Insurance Analogy

Modern portfolio theory can be unintuitive, but an analogy to the insurance industry can make things clearer.

So imagine you are in the business of selling fire insurance policies. Your long term profits are a function of the premiums you collect minus the claims you pay out. Your short term risk is the expectation that a given year might have an abnormally high number of claims to pay out. In this business you have a well-defined risk/reward tradeoff: the total amount of business you will be allowed to do depends on your ability raise capital to survive a really bad year.

Let's look at the risks in more detail. First of all, some years (like the hot, dry ones) will be bad for the fire insurance market as a whole. This is "systemic risk", that you can't do anything about. But in the bad years some policies (like those on wooden houses) will do even worse than average. You'll probably try to set high enough premiums on these "high beta" policies so that they'll be more profitable, long term, than average; otherwise, it isn't worth risking your capital base to underwrite them.

Now let's look at what you can do about volatility.

You could ignore volatility, and concentrate only on long term profits. This is the approach Warren Buffett takes with his ultra-volatile, ultra-profitable "super-catastrophe insurance" business. Buffett defines his time line as "forever", and cheerfully acknowledges that he will have some truly horrific years with awesome claims to pay out.

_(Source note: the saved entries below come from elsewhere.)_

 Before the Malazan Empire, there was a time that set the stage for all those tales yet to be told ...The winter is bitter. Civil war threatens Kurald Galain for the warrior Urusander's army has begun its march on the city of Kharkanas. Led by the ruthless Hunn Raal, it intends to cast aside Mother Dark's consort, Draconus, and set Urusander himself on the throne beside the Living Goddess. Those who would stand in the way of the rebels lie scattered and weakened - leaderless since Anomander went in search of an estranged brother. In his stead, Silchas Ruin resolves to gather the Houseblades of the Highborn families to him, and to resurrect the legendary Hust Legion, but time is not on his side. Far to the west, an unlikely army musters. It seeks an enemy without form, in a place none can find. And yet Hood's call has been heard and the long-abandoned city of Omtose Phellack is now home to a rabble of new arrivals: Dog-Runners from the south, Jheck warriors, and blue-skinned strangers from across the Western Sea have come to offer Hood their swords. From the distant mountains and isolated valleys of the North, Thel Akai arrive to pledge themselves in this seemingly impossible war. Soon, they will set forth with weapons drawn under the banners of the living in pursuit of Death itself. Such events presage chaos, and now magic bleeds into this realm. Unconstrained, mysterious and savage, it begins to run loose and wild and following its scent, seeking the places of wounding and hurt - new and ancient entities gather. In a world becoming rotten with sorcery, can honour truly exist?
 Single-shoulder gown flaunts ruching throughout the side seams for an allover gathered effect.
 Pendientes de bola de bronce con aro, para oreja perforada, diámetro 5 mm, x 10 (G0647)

Of course he can only do this because he has deep pockets; no matter how bad a year it has, his company has enough capital to survive.

Or you could decrease volatility, through diversification. For starters, you wouldn't concentrate all your business in one housing development or condominium tower, because the chance of a neighborhood fire would be too great, making your risk of a bad year far worse than the industry average. So you would spread the policies out geographically, decreasing your risk until it approached the systemic risk of the fire insurance business as a whole. This is how most people think of diversification, as "not putting all your eggs in one basket."

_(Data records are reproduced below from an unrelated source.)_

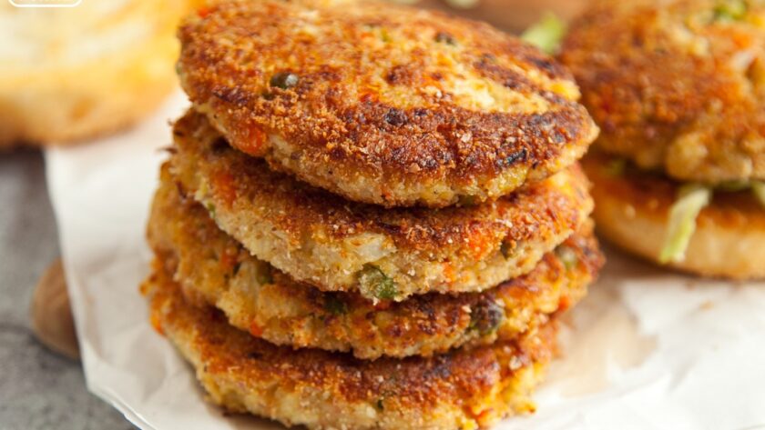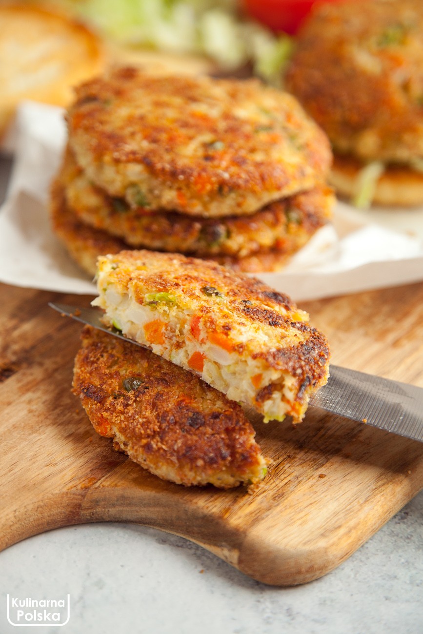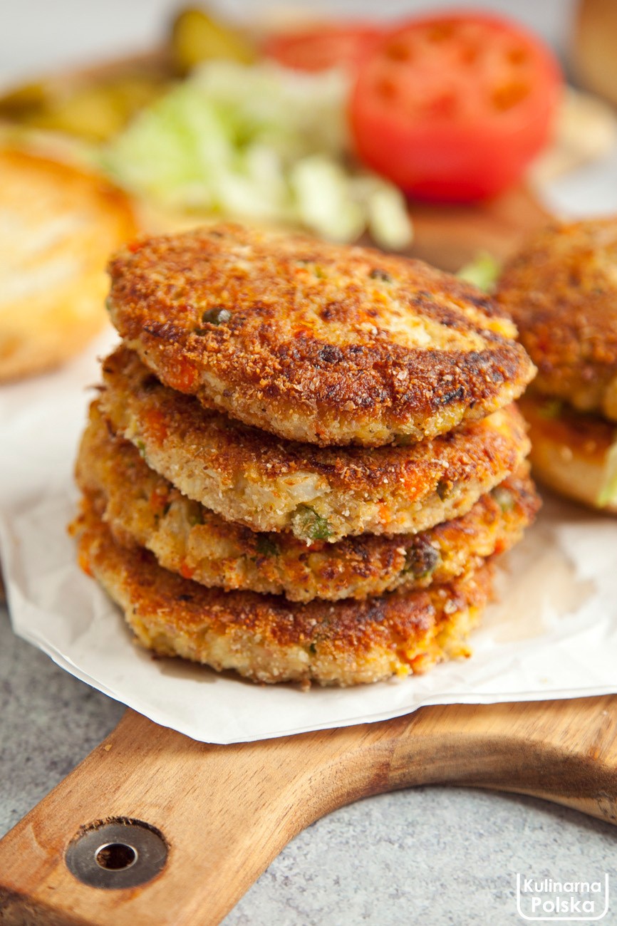 - Z masy formuj kule, każdą obtocz w mieszance bułki tartej i otrębów, spłaszcz formując burgery, następnie smaż na oleju przez około 3 minuty z każdej strony – uwaga przy przewracaniu i zdejmowaniu, kotlety są dość delikatne.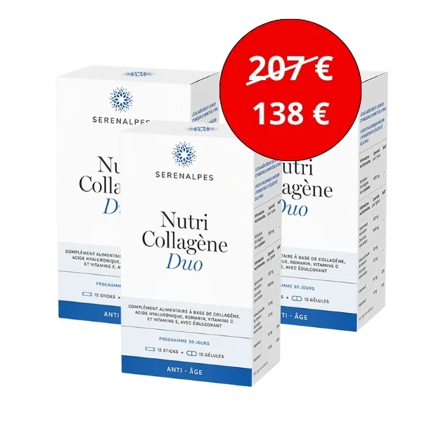NutriCollagène Duo est un produit d’origine naturelle, il fait effet sur le long terme. C’est pourquoi nous vous conseillons une cure de 3 ou 6 mois pour commencer.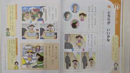 道徳の学習「どちらがいいかな」で、あいさつをする時やお友だちの家に遊びに行った時の場面を通して、礼儀正しくするとどんないいことがあるかを考えました。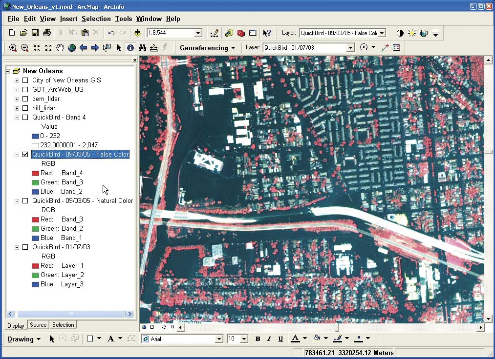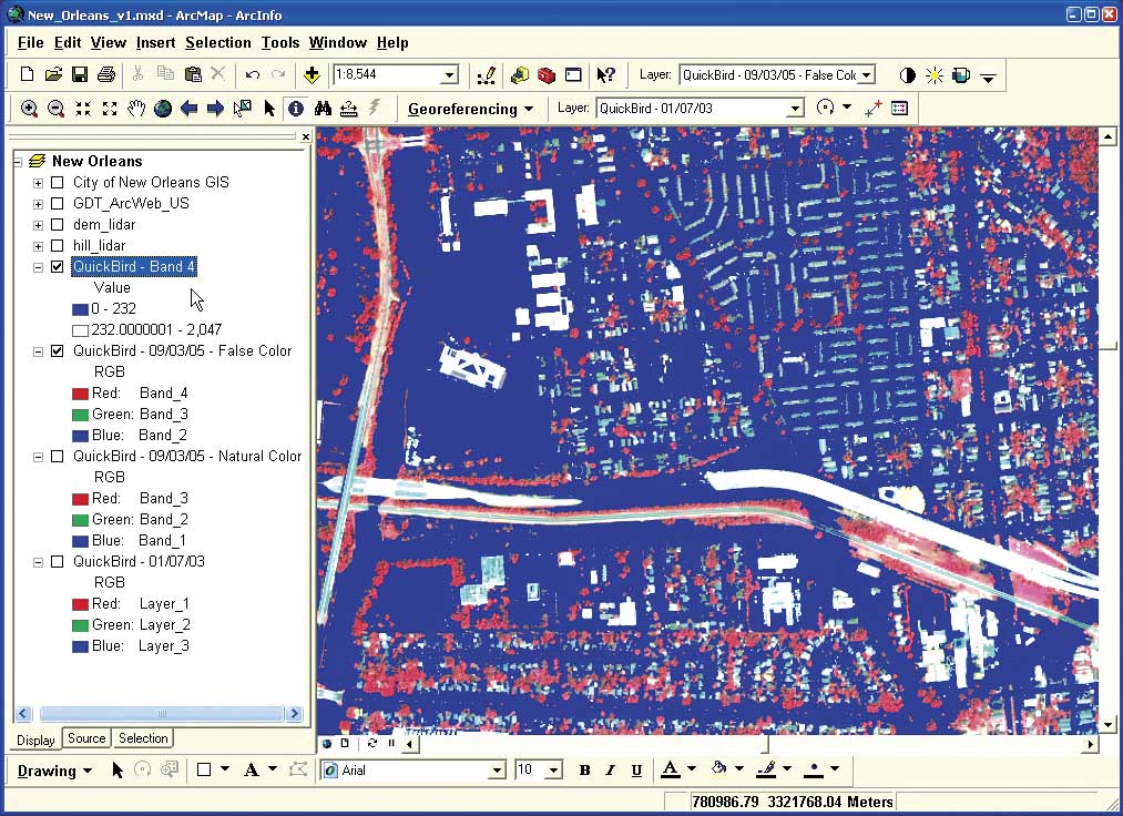 By integrating, managing, and processing many types of geospatial data, GIS makes far more information available to decision makers and others responding to emergencies. Analysis of imagery taken of the aftermath of Hurricane Katrina captured by DigitalGlobe's QuickBird satellite illustrates the ability of GIS to integrate data and create actionable information.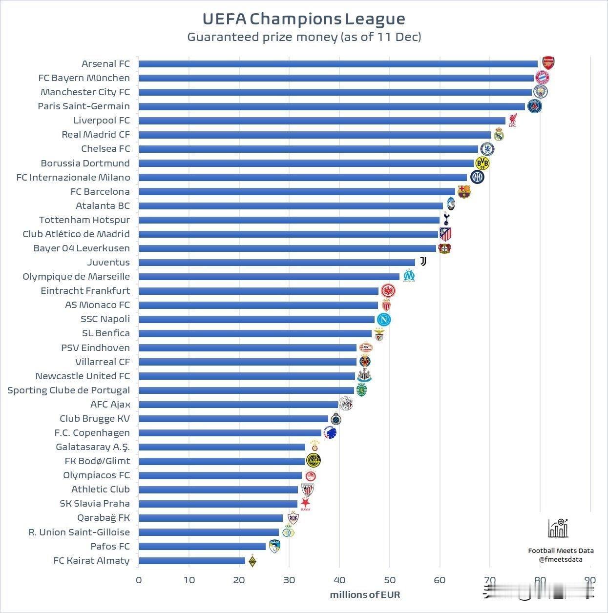 [欧冠小组赛第6轮后奖金排名] ▪️阿森纳以7950万欧元保障收入攀升至榜首! ▪️皇家马德里突破7000万欧元门槛 ▪️巴塞罗那、亚特兰大本周奖金均超6000万欧元 ▪️马赛奖金突破5000万欧元 本赛季欧冠总奖金达24.7亿欧元(约合人民币195亿元),较上赛季增加约3300万欧元。

But you can do even better if you are willing to diversify into other segments of the market. For example, you'd probably find that the bad years for floods aren't the same as the hot and dry years that are bad for fires. Diversifying into flood insurance would really let you take advantage of the curved shape of the efficient frontier: the risk of your diversified fire and flood insurance company would be less than the average of the risks of the two types separately. So you'd be able to sell more policies, and make more profits.

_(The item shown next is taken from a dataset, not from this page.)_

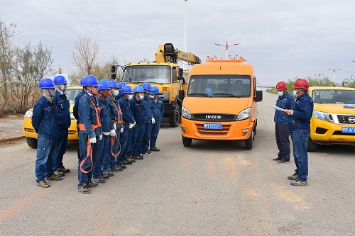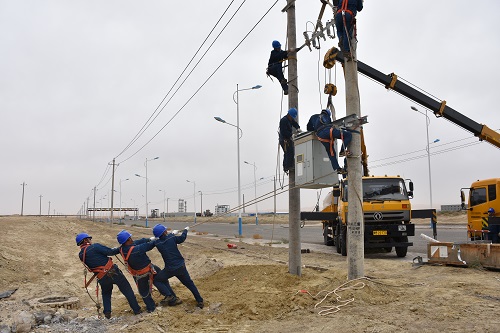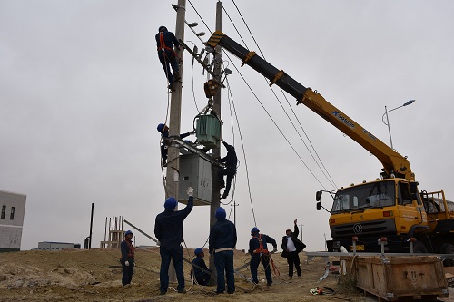 早上7點(diǎn),全體人員在雅布賴營(yíng)業(yè)所集合并開(kāi)會(huì),“今天的工作內(nèi)容為安裝變壓器,大家要注意做好安全措施,前不久剛發(fā)生的4·20事故我們要引以為戒,嚴(yán)格牢記‘十不干’,杜絕一切違章作業(yè)。”馬新民一邊發(fā)著新手套一邊提醒道。在10千伏9101中泉子Ⅰ回線管委會(huì)支14號(hào)桿處,作業(yè)人員要進(jìn)行立桿并安裝低壓綜合配電柜,呼嘯的寒風(fēng)加大了吊車吊物的難度,也更考驗(yàn)工作班成員之間的默契,“4人登桿,4人當(dāng)小工做地勤,1人協(xié)調(diào)指揮吊車”,負(fù)責(zé)人武開(kāi)旋迅速做出工作安排。“巴爺,幫我在小繩上系個(gè)瓷瓶”、“偉哥,你那邊高了,再低一點(diǎn)就好了”,“聽(tīng)我的,一二三,一起用力!”工作班成員各司其職、團(tuán)結(jié)協(xié)作,僅用時(shí)四個(gè)小時(shí),完成了對(duì)雅布賴工業(yè)園公變的安裝,進(jìn)一步保證了工業(yè)園用電負(fù)荷。

This analogy seems like a pretty good one, because portfolio theorists think about market returns in the same "random-normal" way that insurance agents think about natural disasters. Buffett himself doesn't believe in MPT, which is disturbing since he's an expert in both sides of the analogy. For their part, MPT advocates tend to write Buffett off as a statistical outlier (that means he's a freak from the outer limits of the bell curve) or even as "the exception that proves the rule": out of all the millions of investors in the world you can only identify this one guy - in Omaha, Nebraska for heaven sakes - who seems to be able to beat the market.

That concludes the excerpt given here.